WORK ITEM:
Without changing a word, return the listing below, minus its images.

STORED DATA:
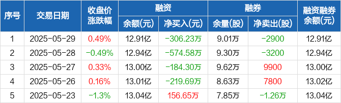中泰证券融资融券信息显示,2025年5月29日融资净偿还306.23万元;融资余额12.91亿元,较前一日下降0.24%。
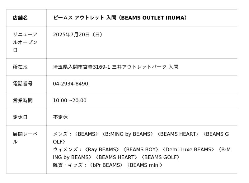 株式会社ビームス(本社:東京都渋谷区、代表取締役社長:設楽洋)は、アウトレット店舗として同社最大規模の「ビームス アウトレット 入間」(埼玉県入間市)のリニューアルオープンを発表します。
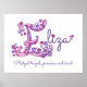 Bonito E monograma poster de nombre artístico perfecto para un dormitorio para chicas o sala de juegos en tonos blancos, rosados y morados. Personalice el nombre de su hijo empezando por E, y mencione el significado para darle un toque realmente personalizado al dormitorio o guardería de su hijo, este ejemplo es para el nombre que Eliza prometió a Dios, precioso y amable. La impresión poster es ideal para un recién nacido, un bautizo o una ducha de bebé. © Exclusivo E monograma corazones y flores descripción del dibujo y diseño gráfico de arte de Sarah Trett. www.sarahtrett.com para www.mylittleeden.com

FINISHED EXERCISE:
中泰证券融资融券信息显示,2025年5月29日融资净偿还306.23万元;融资余额12.91亿元,较前一日下降0.24%。
 株式会社ビームス(本社:東京都渋谷区、代表取締役社長:設楽洋)は、アウトレット店舗として同社最大規模の「ビームス アウトレット 入間」(埼玉県入間市)のリニューアルオープンを発表します。
 Bonito E monograma poster de nombre artístico perfecto para un dormitorio para chicas o sala de juegos en tonos blancos, rosados y morados. Personalice el nombre de su hijo empezando por E, y mencione el significado para darle un toque realmente personalizado al dormitorio o guardería de su hijo, este ejemplo es para el nombre que Eliza prometió a Dios, precioso y amable. La impresión poster es ideal para un recién nacido, un bautizo o una ducha de bebé. © Exclusivo E monograma corazones y flores descripción del dibujo y diseño gráfico de arte de Sarah Trett. www.sarahtrett.com para www.mylittleeden.com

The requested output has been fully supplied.